**EXERCISE AIM:** Would you please copy the part of the material below that opens with the line containing "दरअसल पिछले 6" and closes with the line containing "В опубликованном Трампом"? Copy it exactly, and only it.

::: ENTRIES SUPPLIED

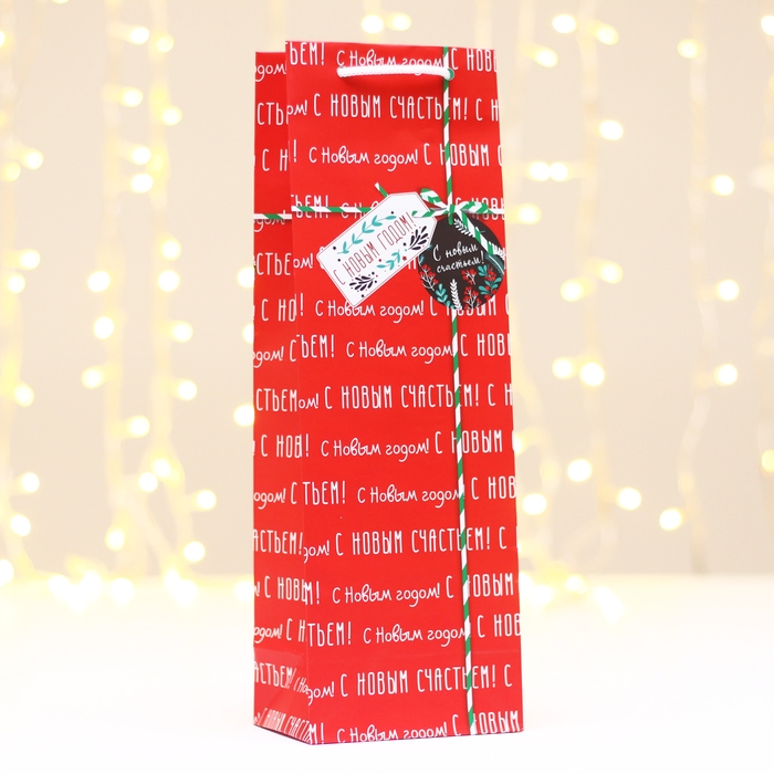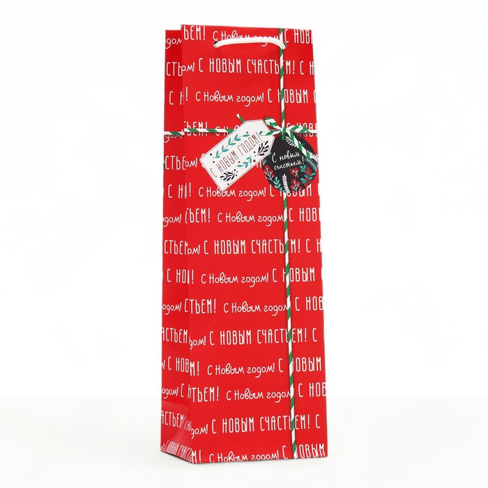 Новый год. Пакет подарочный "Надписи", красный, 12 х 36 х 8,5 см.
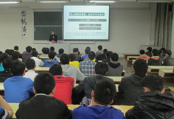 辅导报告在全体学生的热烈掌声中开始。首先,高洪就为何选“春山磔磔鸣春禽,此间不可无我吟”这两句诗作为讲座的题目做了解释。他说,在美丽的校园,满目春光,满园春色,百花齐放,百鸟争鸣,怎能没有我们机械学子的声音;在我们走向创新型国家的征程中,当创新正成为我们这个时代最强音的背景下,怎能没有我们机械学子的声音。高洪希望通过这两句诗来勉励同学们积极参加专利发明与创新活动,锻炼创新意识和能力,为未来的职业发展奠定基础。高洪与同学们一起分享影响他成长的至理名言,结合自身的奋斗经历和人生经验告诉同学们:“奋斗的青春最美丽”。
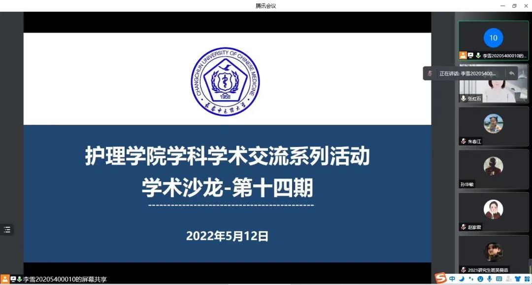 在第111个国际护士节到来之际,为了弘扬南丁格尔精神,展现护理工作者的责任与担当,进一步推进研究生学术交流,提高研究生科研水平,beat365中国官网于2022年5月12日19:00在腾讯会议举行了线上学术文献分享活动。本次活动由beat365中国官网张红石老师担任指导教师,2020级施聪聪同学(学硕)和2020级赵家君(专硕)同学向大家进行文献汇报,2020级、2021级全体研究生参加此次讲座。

::::::
::: ENTRIES SUPPLIED

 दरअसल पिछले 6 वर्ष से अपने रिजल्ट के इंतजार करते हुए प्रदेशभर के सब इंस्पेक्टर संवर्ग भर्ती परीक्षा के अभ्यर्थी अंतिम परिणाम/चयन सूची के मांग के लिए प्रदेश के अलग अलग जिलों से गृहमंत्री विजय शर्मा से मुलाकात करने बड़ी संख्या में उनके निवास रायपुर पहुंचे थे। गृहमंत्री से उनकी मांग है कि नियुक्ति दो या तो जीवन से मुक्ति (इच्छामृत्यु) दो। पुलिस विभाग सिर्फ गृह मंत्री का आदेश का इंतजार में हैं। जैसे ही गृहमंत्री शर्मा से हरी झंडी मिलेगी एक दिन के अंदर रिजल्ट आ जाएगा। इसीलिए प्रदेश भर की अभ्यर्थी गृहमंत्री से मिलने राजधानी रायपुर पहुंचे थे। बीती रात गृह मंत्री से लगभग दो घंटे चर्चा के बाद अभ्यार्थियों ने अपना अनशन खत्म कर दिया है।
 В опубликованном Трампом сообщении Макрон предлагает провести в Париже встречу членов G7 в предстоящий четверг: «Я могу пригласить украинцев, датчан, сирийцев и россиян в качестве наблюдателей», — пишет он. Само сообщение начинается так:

::::::
::: ENTRIES SUPPLIED

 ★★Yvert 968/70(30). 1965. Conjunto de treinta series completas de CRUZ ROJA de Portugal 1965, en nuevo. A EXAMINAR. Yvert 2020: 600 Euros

::::::

**SOLUTION FOR THIS TASK:**
 दरअसल पिछले 6 वर्ष से अपने रिजल्ट के इंतजार करते हुए प्रदेशभर के सब इंस्पेक्टर संवर्ग भर्ती परीक्षा के अभ्यर्थी अंतिम परिणाम/चयन सूची के मांग के लिए प्रदेश के अलग अलग जिलों से गृहमंत्री विजय शर्मा से मुलाकात करने बड़ी संख्या में उनके निवास रायपुर पहुंचे थे। गृहमंत्री से उनकी मांग है कि नियुक्ति दो या तो जीवन से मुक्ति (इच्छामृत्यु) दो। पुलिस विभाग सिर्फ गृह मंत्री का आदेश का इंतजार में हैं। जैसे ही गृहमंत्री शर्मा से हरी झंडी मिलेगी एक दिन के अंदर रिजल्ट आ जाएगा। इसीलिए प्रदेश भर की अभ्यर्थी गृहमंत्री से मिलने राजधानी रायपुर पहुंचे थे। बीती रात गृह मंत्री से लगभग दो घंटे चर्चा के बाद अभ्यार्थियों ने अपना अनशन खत्म कर दिया है।
 В опубликованном Трампом сообщении Макрон предлагает провести в Париже встречу членов G7 в предстоящий четверг: «Я могу пригласить украинцев, датчан, сирийцев и россиян в качестве наблюдателей», — пишет он. Само сообщение начинается так:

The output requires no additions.